Top of Material shown

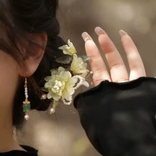 Trâm tóc chữ U hoa XANH lá ngọc sang trọng, độc đáo, phụ kiện tóc nữ đẹp A0023
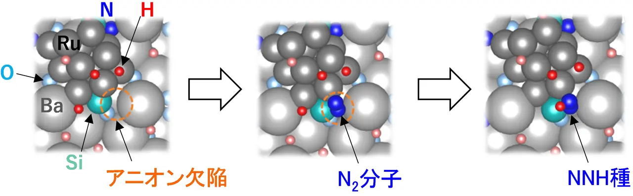 アニオン欠陥に捕捉された窒素(N2)分子は、二つの窒素原子に分かれてから水素原子と結合するのではなく、水素化されて一旦NNHx(x=1-3)の状態となったのちにアンモニアとなる。
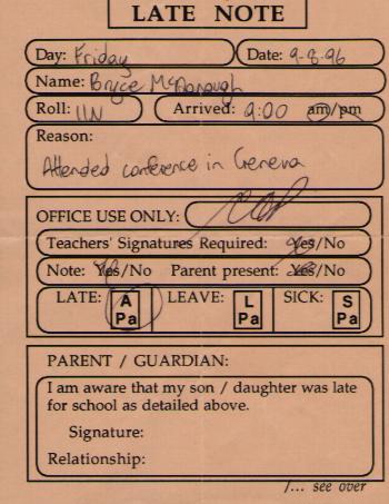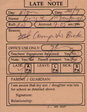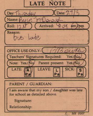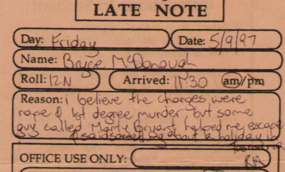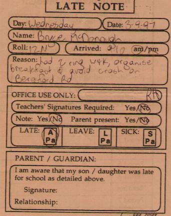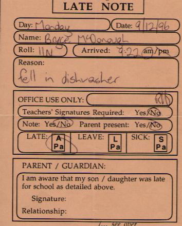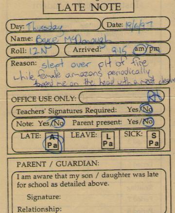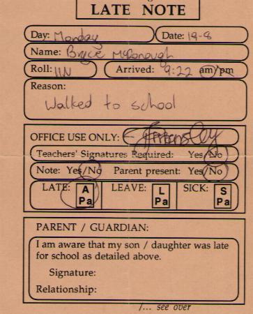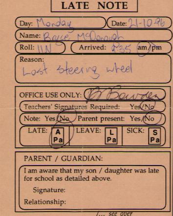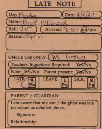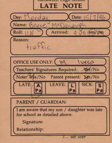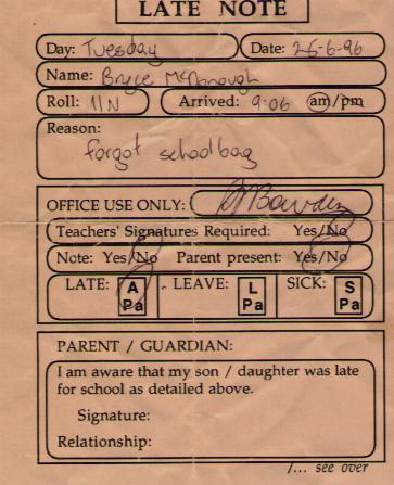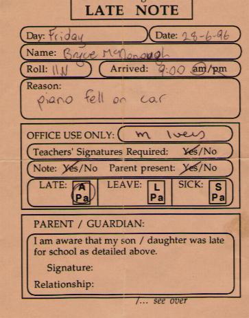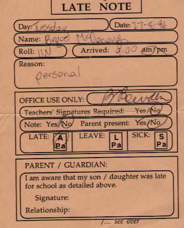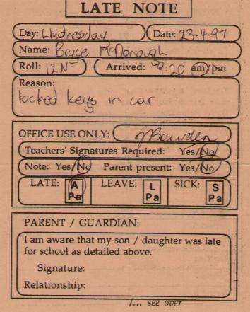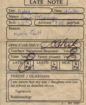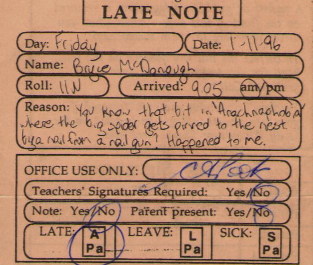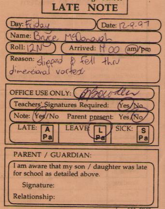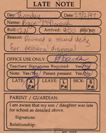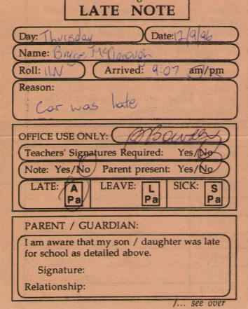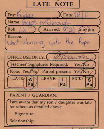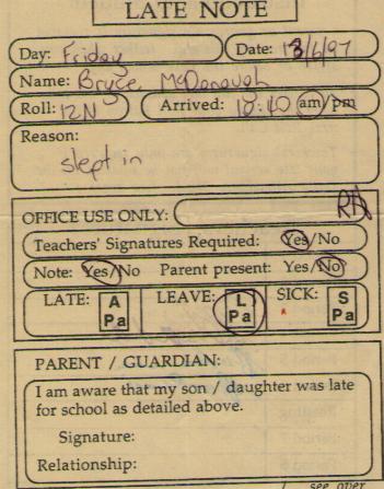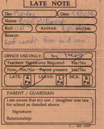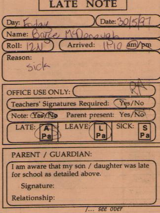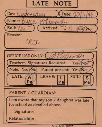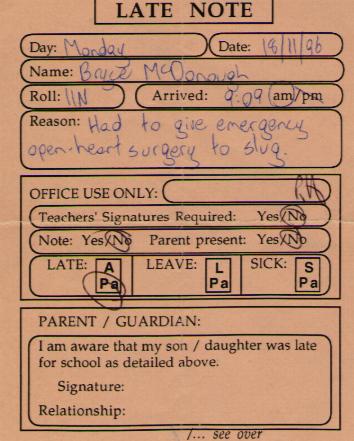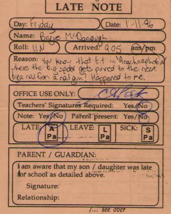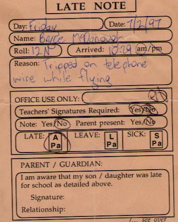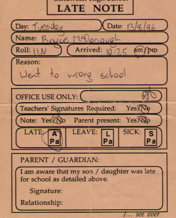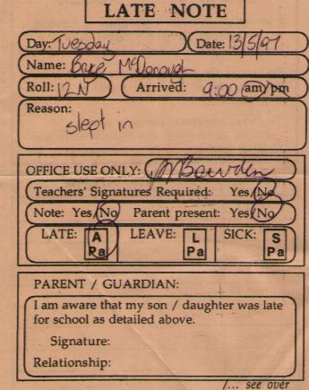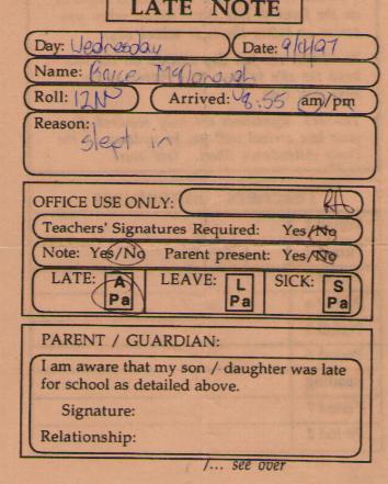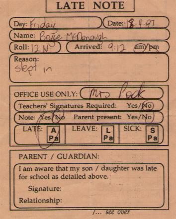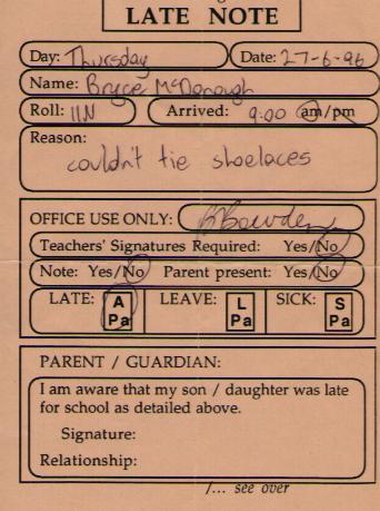 During years 11 and 12, my only creative outlet at high school was thru my occassionally inpunctual attendance, and subsequent justification to the powers that want-to-be. Therefore, after tiring of their continuous questioning of me, I began retaliating with the following collection, all of which (except the last 2, without dates or signatures) were my actual late note from that day. The collection became quite famous, and a cult following grew around them amongst the other students, eventually leading to an entire page dedicated to them in the year book... The part you will be viewing is the entire collection that I still own, however there were definitely a large amount lost over time, as the amount of times I was on time in a month could generally be counted on one hand of a crocodile hunter (seriously, if I was on time once, people were surprised; twice in a row and people were amazed; 3 times just never happened).
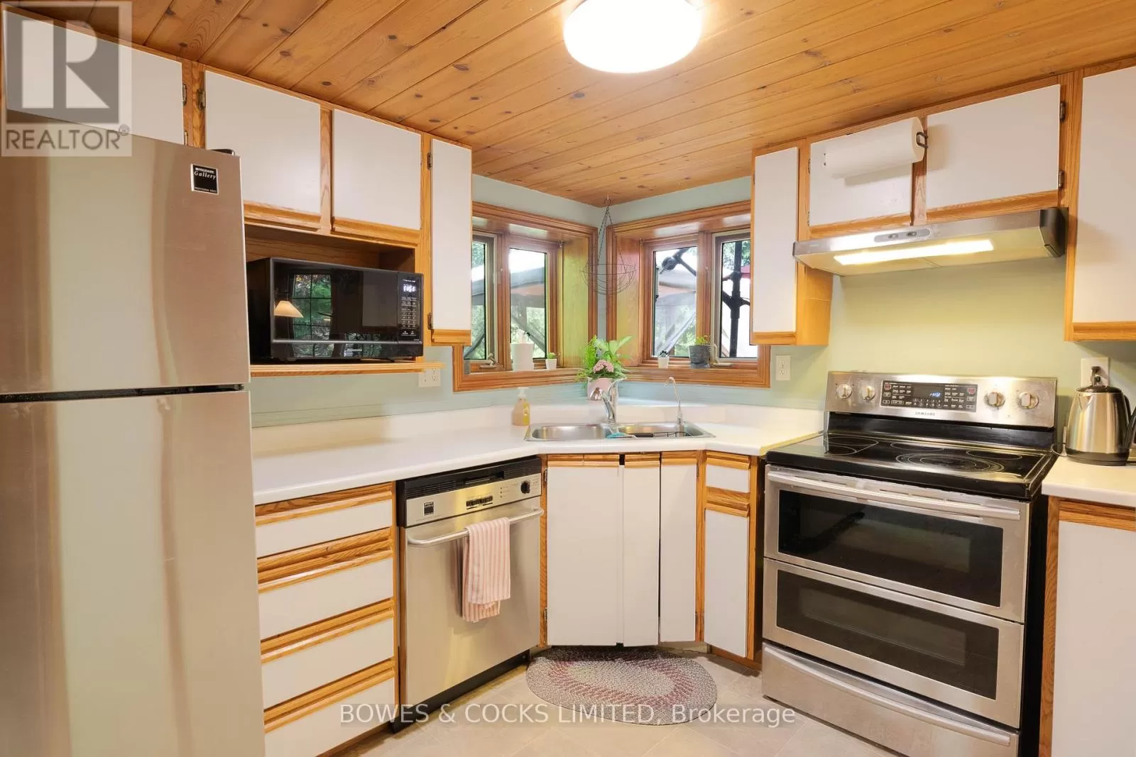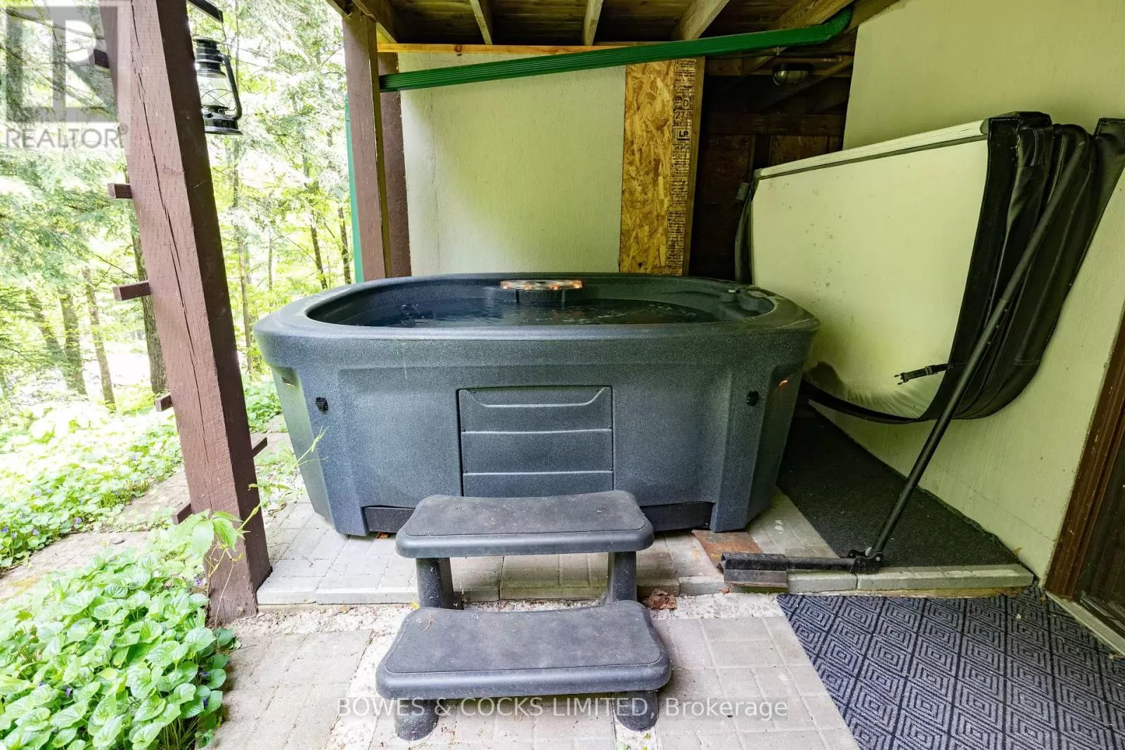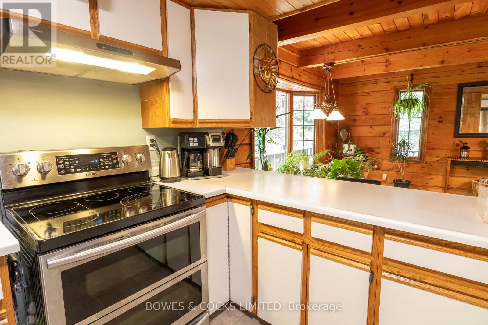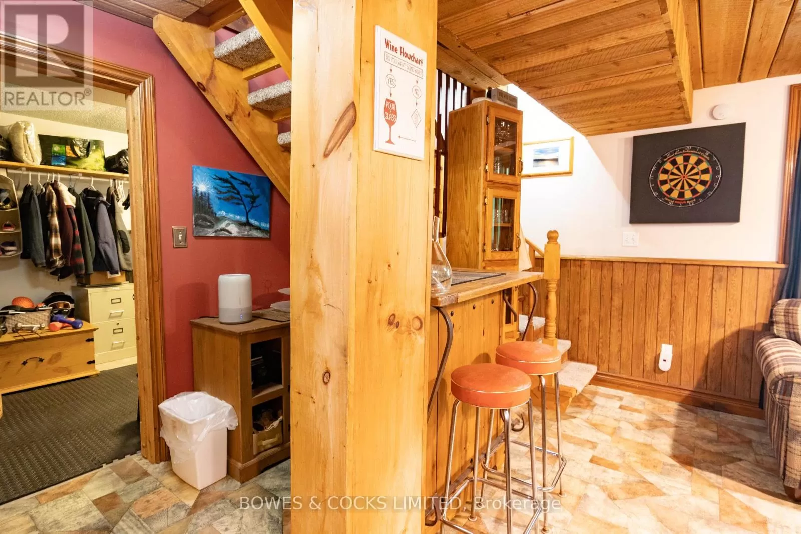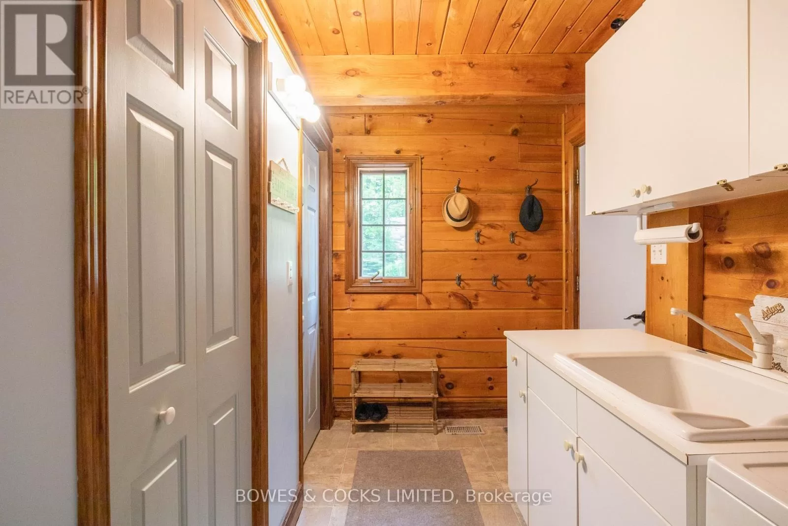 Chemaushgon Rd. to Forest Hill Dr. to Ridge Rd. Nestled on a quiet cul-de-sac just five minutes from downtown Bancroft, this custom-built log home offers a rare combination of rustic charm, modern comfort, and everyday convenience. Surrounded by beautifully landscaped, tree-lined grounds with natural stone accents, this two-storey home features three plus one bedrooms and three bathrooms, making it ideal for families or anyone seeking a tranquil escape with town amenities close at hand. Step inside the spacious main level where a large eat-in kitchen awaits, complete with stainless steel appliances, generous cupboard space, and a walkout to a wraparound deck that overlooks the peaceful, private property. A cozy sitting area, a practical mud and laundry room, and a versatile den or home office complete the main floor, creating a layout that's both functional and inviting. Upstairs, the serene primary suite features a four-piece ensuite, walk-in closet, and a walkout to a Juliette balcony perfect for quiet mornings with a view. The fully finished lower level offers a warm rec room with a woodstove, a workout room or fourth bedroom, a three-piece bathroom, and plenty of storage and utility space. The home is equipped with a forced air electric furnace, HVAC system, steel roof, heated eavestroughs, and a generator hookup to keep you comfortable year-round. A standout feature is the spacious two-storey detached garage and carport with hydro, easily accessed by a double driveway that provides separate access to both the upper and lower levels, offering ample parking and flexible use for vehicles, storage, or workshop space. With municipal services and direct access to the Heritage Trail from your driveway, this property is ideal for nature lovers and outdoor enthusiasts. You're also just minutes away from schools, shopping, golf, lakes, provincial parks, and a variety of trails. (id:27476)
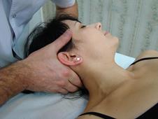 правая рука ладонной поверхностью 2-го пястно-фалангового сустава контактирует с затылочной костью пациента права, находясь по ее нижнему краю за сосцевидным отростком височной кости; II-V пальцы направлены влево, I палец над левым ухом ложится на височную кость пациента. Левая рука поддерживает голову пациента с левой стороны. Плечи и кисти врача свободны, локти не прижаты. Рис.54-55
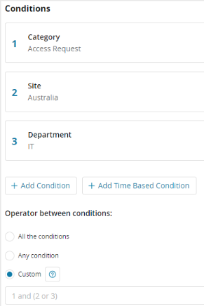 When you create a condition, Service Desk assigns it a condition number. You can then use the condition numbers to customize which must be met for an action to be triggered.
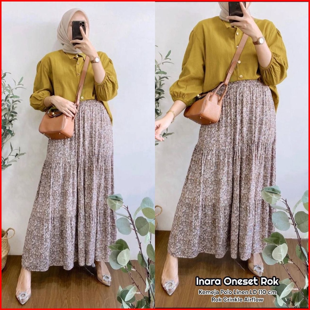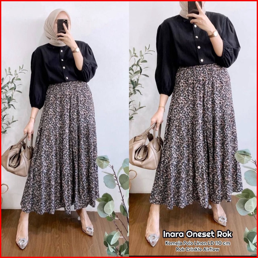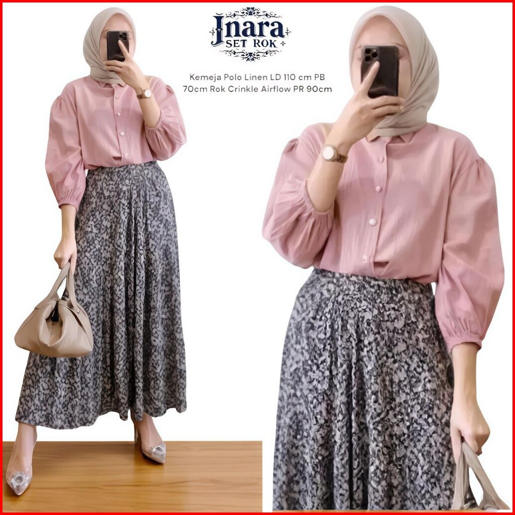 Inara Set Rok - One Set Wanita Kekinian Kemeja Linen Premium Setelan Wanita Rok Crinkle Airflow

Bottom of Material shown

• [Work request] An exact copy of the entries, minus the pictures, is what to return.

• [Answer to this task]
 Trâm tóc chữ U hoa XANH lá ngọc sang trọng, độc đáo, phụ kiện tóc nữ đẹp A0023
 アニオン欠陥に捕捉された窒素(N2)分子は、二つの窒素原子に分かれてから水素原子と結合するのではなく、水素化されて一旦NNHx(x=1-3)の状態となったのちにアンモニアとなる。
 During years 11 and 12, my only creative outlet at high school was thru my occassionally inpunctual attendance, and subsequent justification to the powers that want-to-be. Therefore, after tiring of their continuous questioning of me, I began retaliating with the following collection, all of which (except the last 2, without dates or signatures) were my actual late note from that day. The collection became quite famous, and a cult following grew around them amongst the other students, eventually leading to an entire page dedicated to them in the year book... The part you will be viewing is the entire collection that I still own, however there were definitely a large amount lost over time, as the amount of times I was on time in a month could generally be counted on one hand of a crocodile hunter (seriously, if I was on time once, people were surprised; twice in a row and people were amazed; 3 times just never happened).
 Chemaushgon Rd. to Forest Hill Dr. to Ridge Rd. Nestled on a quiet cul-de-sac just five minutes from downtown Bancroft, this custom-built log home offers a rare combination of rustic charm, modern comfort, and everyday convenience. Surrounded by beautifully landscaped, tree-lined grounds with natural stone accents, this two-storey home features three plus one bedrooms and three bathrooms, making it ideal for families or anyone seeking a tranquil escape with town amenities close at hand. Step inside the spacious main level where a large eat-in kitchen awaits, complete with stainless steel appliances, generous cupboard space, and a walkout to a wraparound deck that overlooks the peaceful, private property. A cozy sitting area, a practical mud and laundry room, and a versatile den or home office complete the main floor, creating a layout that's both functional and inviting. Upstairs, the serene primary suite features a four-piece ensuite, walk-in closet, and a walkout to a Juliette balcony perfect for quiet mornings with a view. The fully finished lower level offers a warm rec room with a woodstove, a workout room or fourth bedroom, a three-piece bathroom, and plenty of storage and utility space. The home is equipped with a forced air electric furnace, HVAC system, steel roof, heated eavestroughs, and a generator hookup to keep you comfortable year-round. A standout feature is the spacious two-storey detached garage and carport with hydro, easily accessed by a double driveway that provides separate access to both the upper and lower levels, offering ample parking and flexible use for vehicles, storage, or workshop space. With municipal services and direct access to the Heritage Trail from your driveway, this property is ideal for nature lovers and outdoor enthusiasts. You're also just minutes away from schools, shopping, golf, lakes, provincial parks, and a variety of trails. (id:27476)
 правая рука ладонной поверхностью 2-го пястно-фалангового сустава контактирует с затылочной костью пациента права, находясь по ее нижнему краю за сосцевидным отростком височной кости; II-V пальцы направлены влево, I палец над левым ухом ложится на височную кость пациента. Левая рука поддерживает голову пациента с левой стороны. Плечи и кисти врача свободны, локти не прижаты. Рис.54-55
 When you create a condition, Service Desk assigns it a condition number. You can then use the condition numbers to customize which must be met for an action to be triggered.
 Inara Set Rok - One Set Wanita Kekinian Kemeja Linen Premium Setelan Wanita Rok Crinkle Airflow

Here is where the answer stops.